Several times, Dr Shell-Duncan has offered expert statements regarding asylum applications for African women, including cases where applicants are seeking protection on the grounds of fears that they or their daughters will be forced to undergo FGM/C. She is qualified to comment on cases from Senegal because she been studying the practice of FGM/C there since 2003; she was the principal investigator for a World Health Organization study on behaviour change with respect to FGM/C, a three year study conducted in Senegal and the Gambia.

Jacqueline Knörr (FGM/C)

Email: knoerr@eth.mpg.de

Jacqueline Knörr, Head of Research at the Max Planck Institute for Social Anthropology, Extraordinary Professor at the Martin Luther University in Halle/Saale, Germany. Professor Knörr was brought up in Ghana and Germany and has for many years conducted extensive field research in Sierra Leone und the Upper Guinea Coast of West Africa more generally, as well as in Indonesia. She has worked as a Lecturer, Senior Researcher, University Professor, Scientific Director, and Political Advisor. She has served as expert witness in about two hundred asylum cases, writing expert reports concerning FGC/M and other human rights issues.

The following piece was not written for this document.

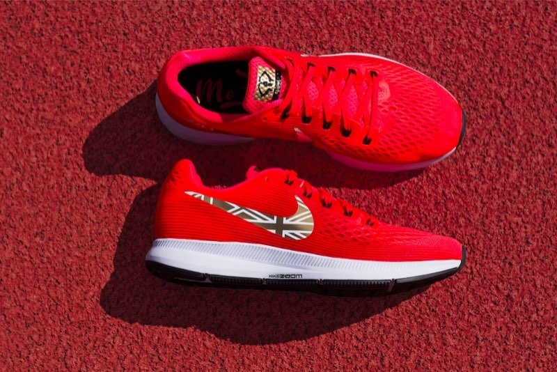 K posledním dvěma závodům si Mo Farah vybral svůj oblíbený běžecký model Nike Pegasus. Speciální úprava Pegasus 34 k MS nese Nike Swoosh s prvky britské vlajky, jeho zobrazení a podpis na jazyku.
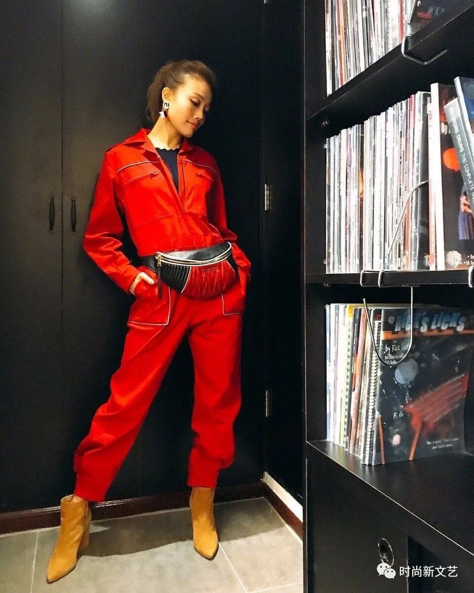 一件黑色T恤搭配红色连体工装,显得她的身材高挑又苗条。脚踩鹅黄色丝绒短靴。腰间的黑色腰包非常个性,双手插兜,站姿非常帅气。

Dr Charles Dotou (FGM/C and LGBTI)

Email: crdotou@yahoo.co.uk

Dr Charles R. Dotou, MD, holds a Ph.D. from the University of Dakar, an MA from the Centre d’Etudes Diplomatiques et Strategiques in Paris and an MSc from the University of York, UK. He has completed the medical exams for practicing in the UK and has been also active as a volunteer for both FGM and LGBTI NGOs. He is prepared to write country of origin expert statements for cases where an asylum seeker is fleeing FGM in Senegal. His main practical experiences with FGM in Senegal come from the Tambacounda region where he saw the consequences of the practice; worked to dissuade communities from practicing it, in particular Type 4, a practice which was entrenched in this region. In 1999, he, on behalf of the father of a six-year old girl who had subjected to FGM against her father’s will. Dr. Dotou took a case to the Regional Tribunal of Tambacounda; the father sued his parents and they were punished. This case served as a first after the law against FGM had been enacted, to encourage the law to be used as a deterrence. There have only been six such cases since 1999.